- [Your objective]:
Beginning with the opening line of the entries, return every line through the one containing "图片说明:2025年8月21", both included, and nothing else. Omit pictures.

(Dataset items)

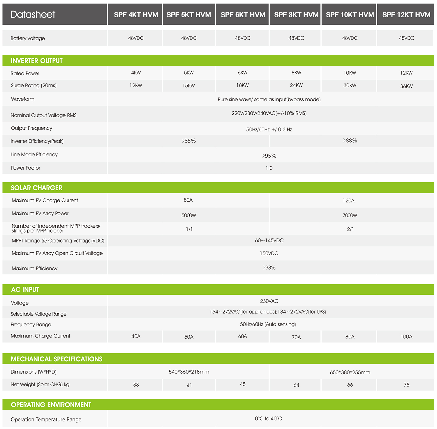 Biến tần năng lượng mặt trời dạng lưới Growatt SPF 4000-12000T HVM được tích hợp với bộ điều khiển sạc năng lượng mặt trời MPPT, Thiết kế biến áp cung cấp chuyển đổi năng lượng đáng tin cậy trong kích thước nhỏ gọn.
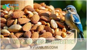 Nuts and seeds offer excellent calcium sources for birds, but moderation matters due to high seed fat content.
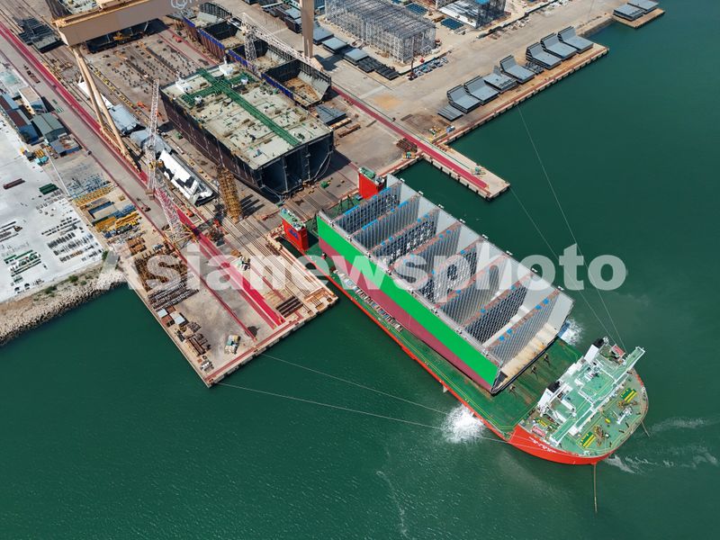图片说明:2025年8月21日,在山东烟台黄渤海新区一家造船企业,半潜船准备将大型集装箱船船体分段运往总装基地。
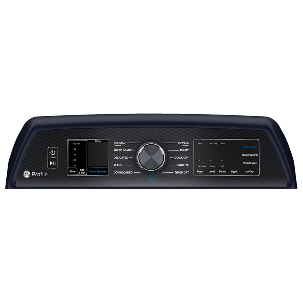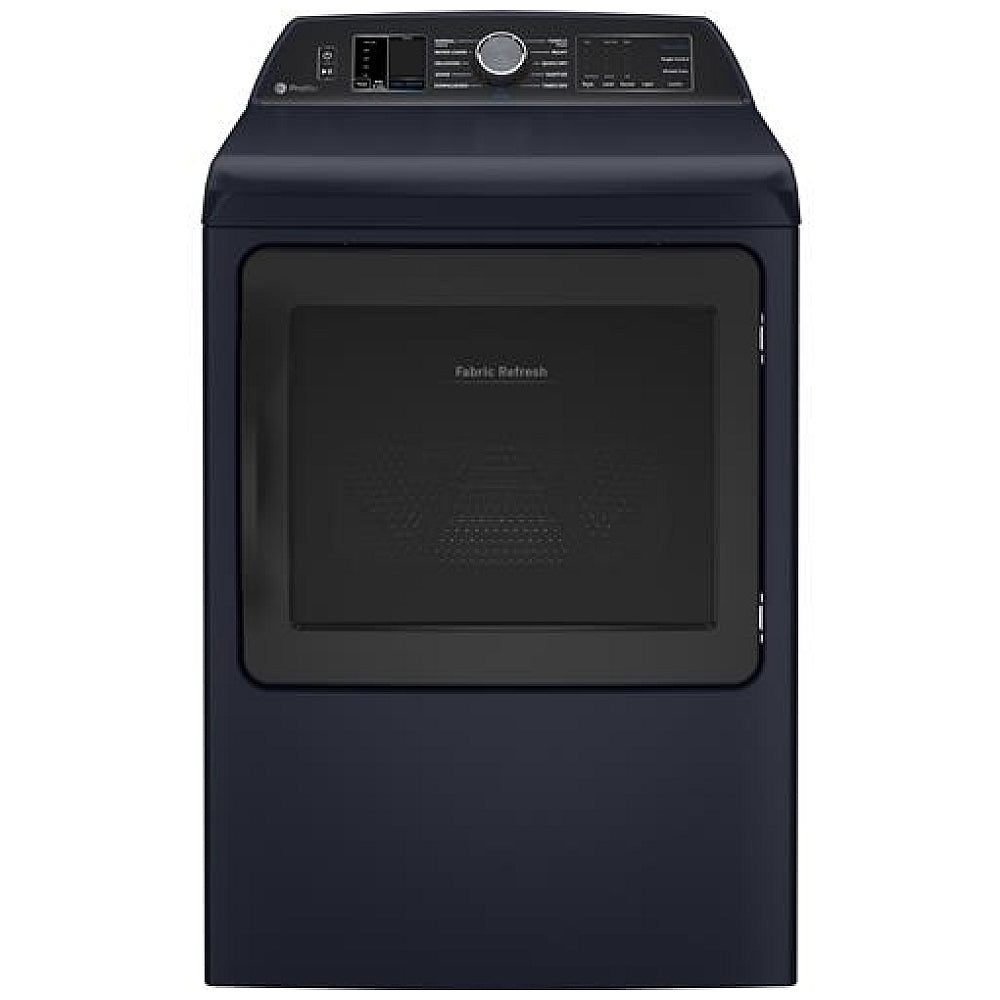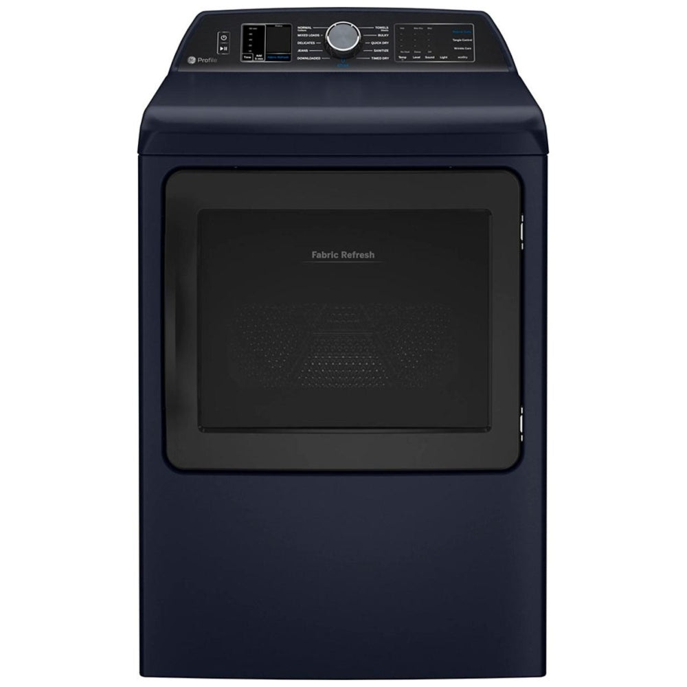 The GE Profile PTD90EBMTRS Electric Dryer features Steam Clean, 5 Temperature Settings, Wifi Enabled, Sapphire Blue colour.
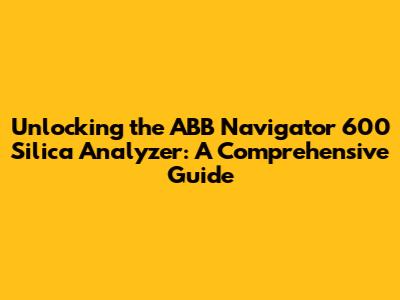 Unlocking The ABB Navigator 600 Silica Analyzer: A Comprehensive Guide
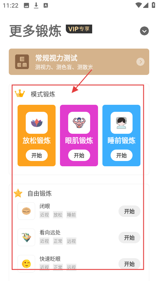 1、视力训练课程:提供丰富的眼部锻炼课程,包含详细的动作指导和跟练提示,帮助用户掌握正确的训练方法,提升锻炼效果。
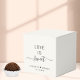 Chic light cream wedding favour box that features "love is sweet" in simple modern typography and an elegant script with swashes, your first names joined together by a heart and your wedding date.
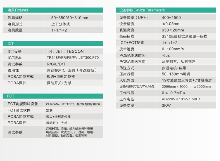 1、自动ICT测试+自动FCT测试双工位或者多工位设计,节约人力。
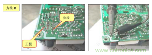 B. 方法(2):在電源板的錫面找出待測電容正負極對應的焊點,焊上兩根導線,然后用電壓探頭夾住引出的導線測試.如下圖:
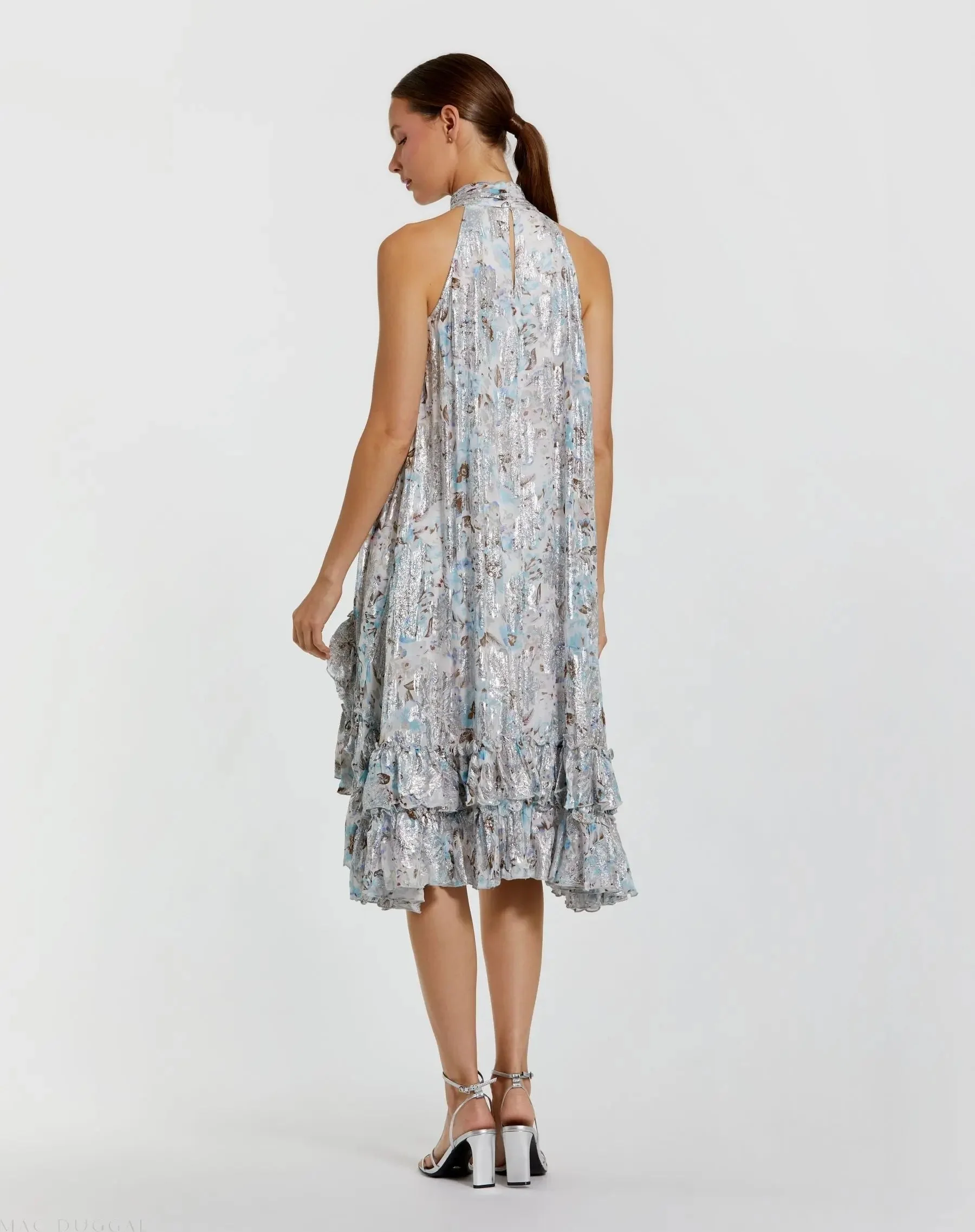Multicolor Floral High Neck Keyhole Ruffle Mini Dress
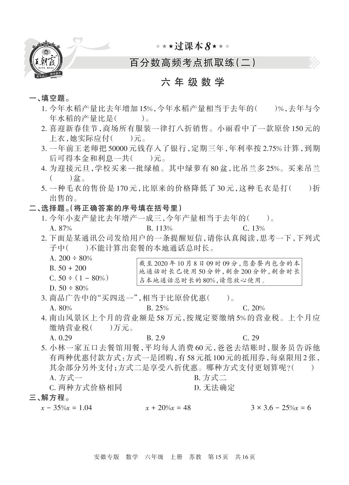 王朝霞期末过课本——百分数高频考点抓取练(二)六年级上册数学(苏教版)【8】

- [Problem solution]:
 Biến tần năng lượng mặt trời dạng lưới Growatt SPF 4000-12000T HVM được tích hợp với bộ điều khiển sạc năng lượng mặt trời MPPT, Thiết kế biến áp cung cấp chuyển đổi năng lượng đáng tin cậy trong kích thước nhỏ gọn.
 Nuts and seeds offer excellent calcium sources for birds, but moderation matters due to high seed fat content.
图片说明:2025年8月21日,在山东烟台黄渤海新区一家造船企业,半潜船准备将大型集装箱船船体分段运往总装基地。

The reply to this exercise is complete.